During the Company's two most recent fiscal years ended December 30, 2021 and 2020 and the subsequent interim period through September 21, 2022, there were no disagreements within the meaning of Item 304(a)(1)(iv) of Regulation S-K with BDO on any matter of accounting principles or practices, financial statement disclosure, or auditing scope or procedure, which disagreements, if not resolved to the satisfaction of BDO, would have caused BDO to make reference to the subject matter of such disagreements in connection with its report on the financial statements for such periods.

During the Company's two most recent fiscal years ended December 30, 2021 and 2020 and the subsequent interim period September 21, 2022, there were no reportable events within the meaning of Item 304(a)(1)(v) of Regulation S-K, except that as previously disclosed, the Company reported that there were material weaknesses in internal controls over financial reporting for the years ending December 31, 2021 and 2020 related to: (i) lack of controls in the financial closing and reporting process and (ii) fair value calculation of options granted.

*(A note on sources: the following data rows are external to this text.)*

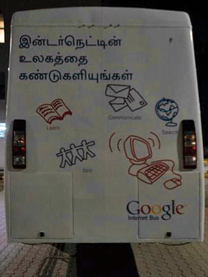 Prasad Ram, il responsabile della ricerca e sviluppo di Google India, ha dichiarato all'Hindu Business Line che il 19% di tutti i contenuti indiani di Intenet è in lingua tamil e quindi il tour dell'Internet Bus parte proprio da questa regione.
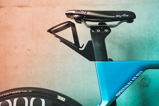 Lange stayed with Cobb as his saddle choice as this Fifty-Five model prevents him from sliding around too much. The bottle mount behind the post is Canyon specific.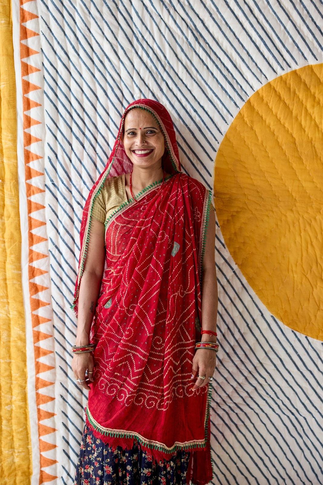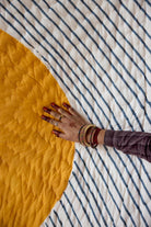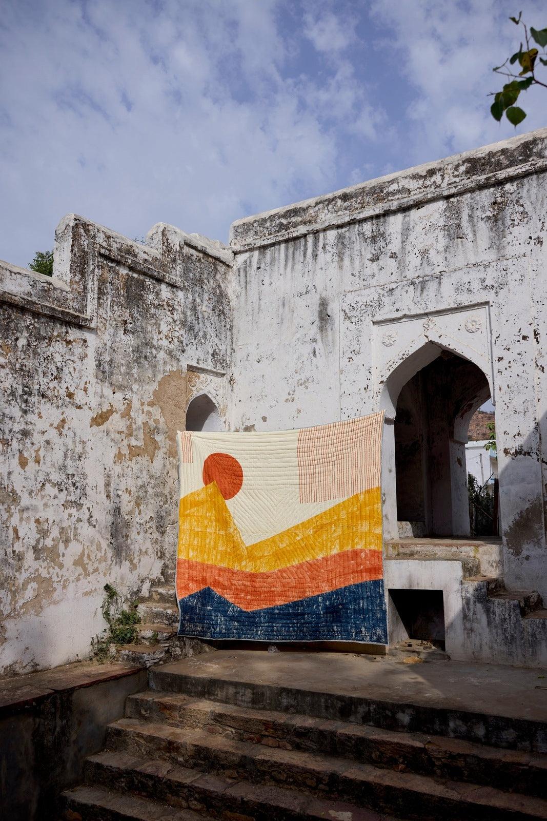 The design is hand-pressed onto each quilt using hand-carved wooden blocks dipped in dyes. The printed cotton shells are brought to the homes of quiltmakers, who stuff and stitch the quilts by hand, creating the final product.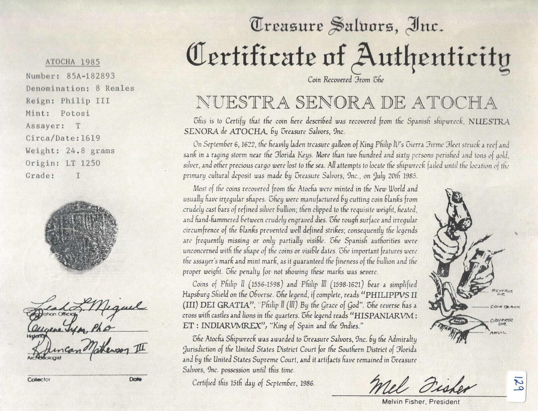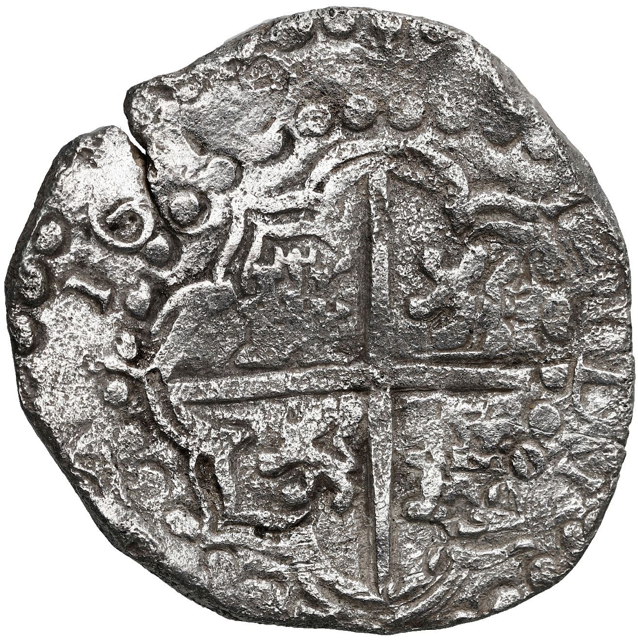 Potosi, Bolivia, cob 8 reales, 1619 T, Grade 1. S-P21; KM-10; Cal-927. 24.96 grams. Full date outside of full cross, full but lightly corroded shield, minor edge-split. With Fisher tag and certificate 85A-182893, pedigreed to the RWB Reference Collection of Atocha dated cobs. Recovered from: Atocha, sunk in 1622 west of Key West, Florida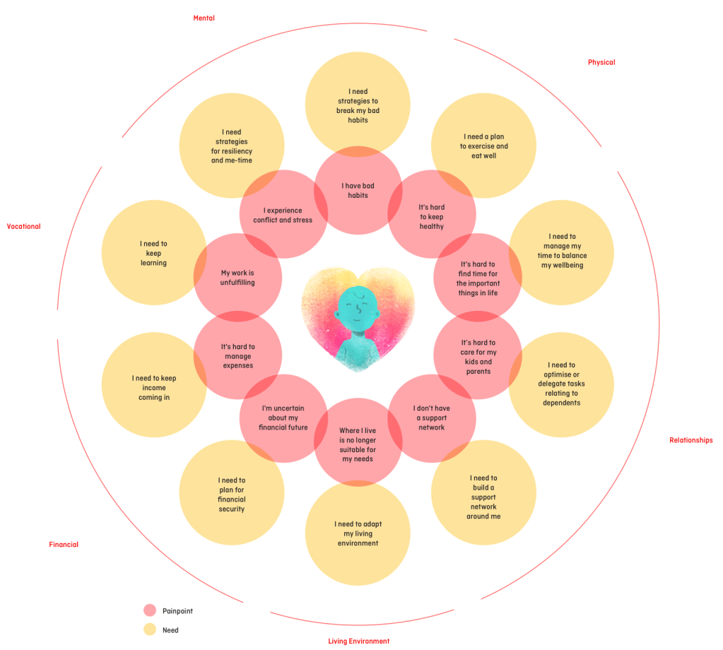 Stories, needs and painpoints from our participants’ challenges and wellbeing achievements were assembled into a journey where many opportunities for support were identified.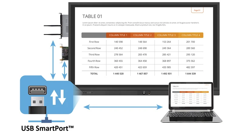 USB SmartPort™ cho phép truyền dữ liệu USB giữa các cổng USB phía trước của ViewBoard® và các cổng USB của PC có khe cắm và máy tính xách tay được kết nối. Nhờ thế, bạn có thể đồng bộ hóa kết nối USB giữa các thiết bị của mình một cách nhanh chóng và dễ dàng mà không cần đổi USB.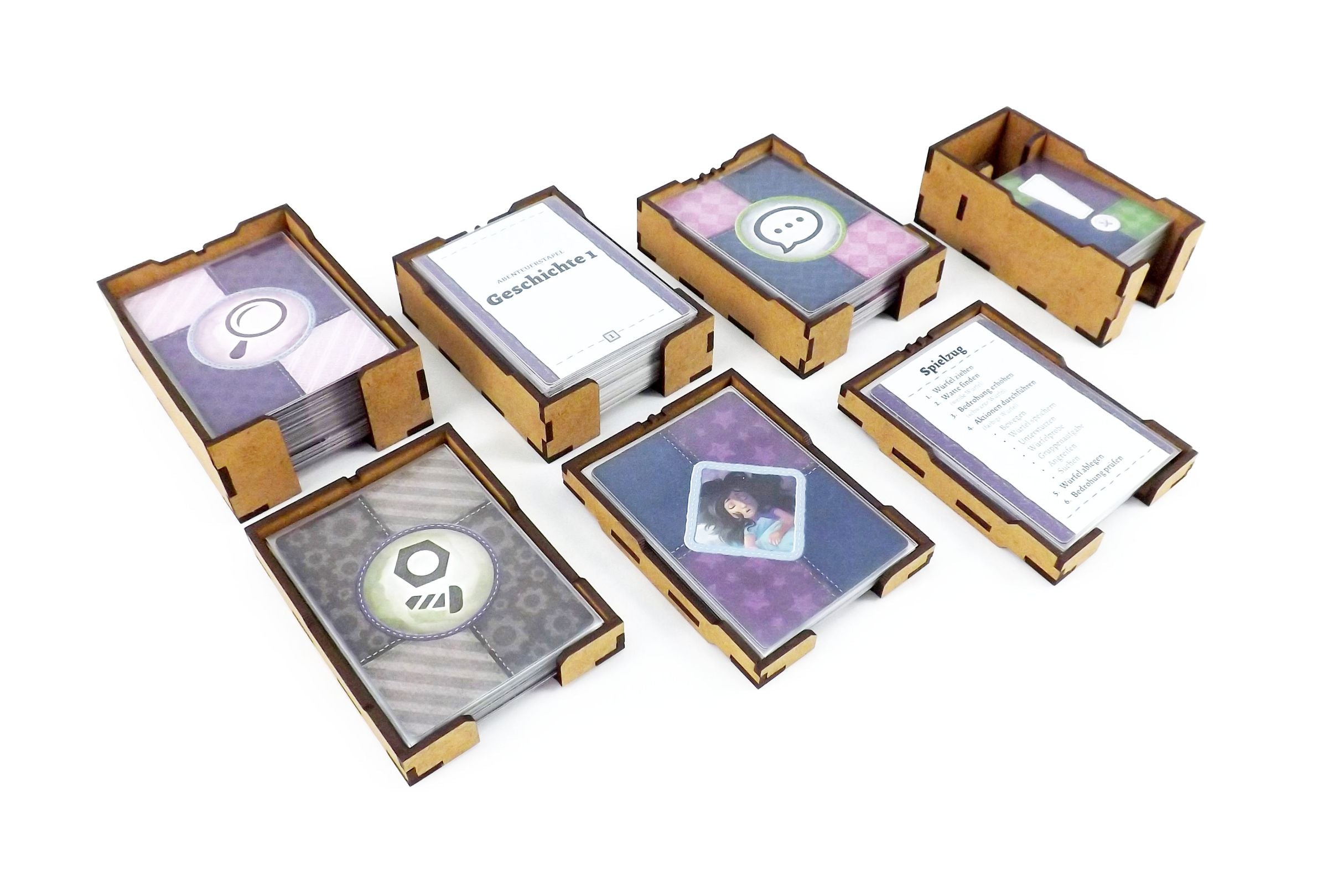 When stuffed animals set out to defend their girl from nightmare creatures they risk to get lost in her dreams. To prevent players from getting lost in the many card decks and to properly store the beautiful miniatures, our organizer provides custom storage for all components and creates order under the children's bed.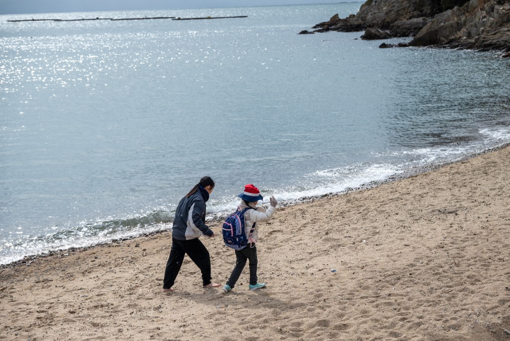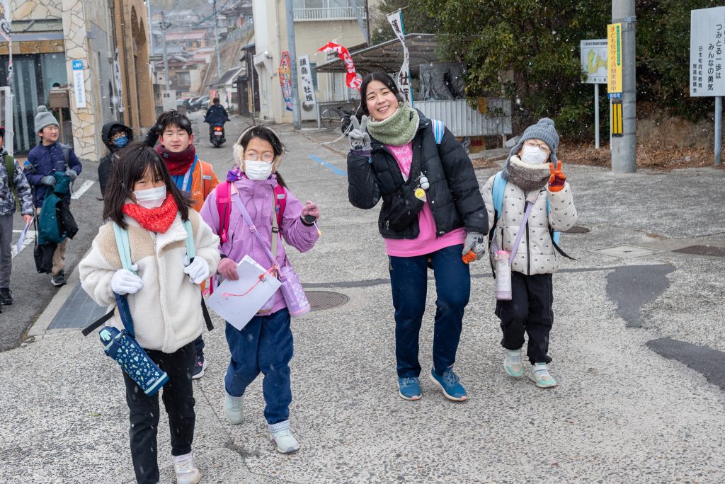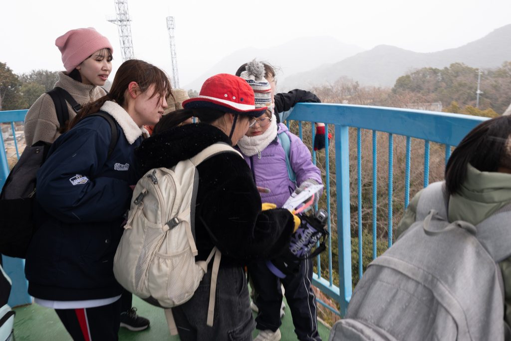 2月の野外活動は、バスに乗って備前市日生にある頭島へ行ってきました。今回はグループに分かれて「島探検」を実施。島内10か所に設置されたクイズを、地図を頼りに探しながら島を歩きました。周囲約4キロの小さな島ですが、実際に歩いてみると登り坂も多く、クイズを探しながら進むのはなかなか大変そうでした。地図を囲んで「次はこの道に行ってみよう」「ここはどの辺りかな?」と話し合いながら進むこどもたちの姿が、とても印象的でした。島の中には、島全体を見渡せる展望台や、海水浴ができるきれいな砂浜もあり、クイズの合間にはグループごとに遊ぶ姿も見られました。

The Company has provided BDO with a copy of the disclosures in this Current Report on Form 8-K prior to filing with the Securities and Exchange Commission ("SEC"). A copy of BDO's letter, stating it agrees with the statements as set forth above, is filed as Exhibit 16.1 to this Current Report on Form 8-K.

(b) Decision Regarding New Independent Registered Public Accounting Firm

On September 21, 2022, the Audit Committee approved the appointment of Baker Tilly US, LLP ("Baker Tilly") as the Company's new independent registered public accounting firm for the year ending December 31, 2022, effective September 21, 2022.

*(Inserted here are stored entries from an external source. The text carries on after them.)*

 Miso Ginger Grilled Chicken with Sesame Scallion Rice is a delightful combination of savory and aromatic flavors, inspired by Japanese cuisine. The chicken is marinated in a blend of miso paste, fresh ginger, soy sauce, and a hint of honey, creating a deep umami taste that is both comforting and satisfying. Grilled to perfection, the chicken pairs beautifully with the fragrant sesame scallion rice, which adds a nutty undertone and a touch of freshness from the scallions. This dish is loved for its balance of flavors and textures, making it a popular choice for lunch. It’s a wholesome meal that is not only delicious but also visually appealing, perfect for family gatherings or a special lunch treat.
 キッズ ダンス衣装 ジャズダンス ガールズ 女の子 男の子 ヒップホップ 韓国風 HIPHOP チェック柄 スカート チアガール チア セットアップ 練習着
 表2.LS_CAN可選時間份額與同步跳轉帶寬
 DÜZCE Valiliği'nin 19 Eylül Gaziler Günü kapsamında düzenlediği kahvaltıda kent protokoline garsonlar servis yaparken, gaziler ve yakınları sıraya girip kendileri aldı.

During the years ended December 31, 2021 and 2020 and the subsequent interim periods through September 21, 2022, neither the Company nor anyone acting on its behalf has consulted with Baker Tilly with respect to (i) the application of accounting principles to a specified transaction, either completed or proposed, or the type of audit opinion that might be rendered on the Company's financial statements, and neither a written report nor oral advice was provided to the Company that Baker Tilly concluded was an important factor considered by the Company in reaching a decision as to any accounting, auditing, or financial reporting issue or (ii) any matter that was either the subject of a "disagreement" or "reportable event" as those terms are defined in Item 304(a)(1) of Regulation S-K.

Item 9.01 Financial Statements and Exhibits.

Exhibit No. Description
16.1 Letter to SEC from BDO USA, LLP.
104 Cover Page Interactive Data File (embedded within the Inline XBRL document)

SIGNATURES

Pursuant to the requirements of the Securities Exchange Act of 1934, the registrant has duly caused this report to be signed on its behalf by the undersigned hereunto duly authorized.

Palisade Bio, Inc.
Date: September 26, 2022 By: /s/ Thomas M. Hallam, Ph.D.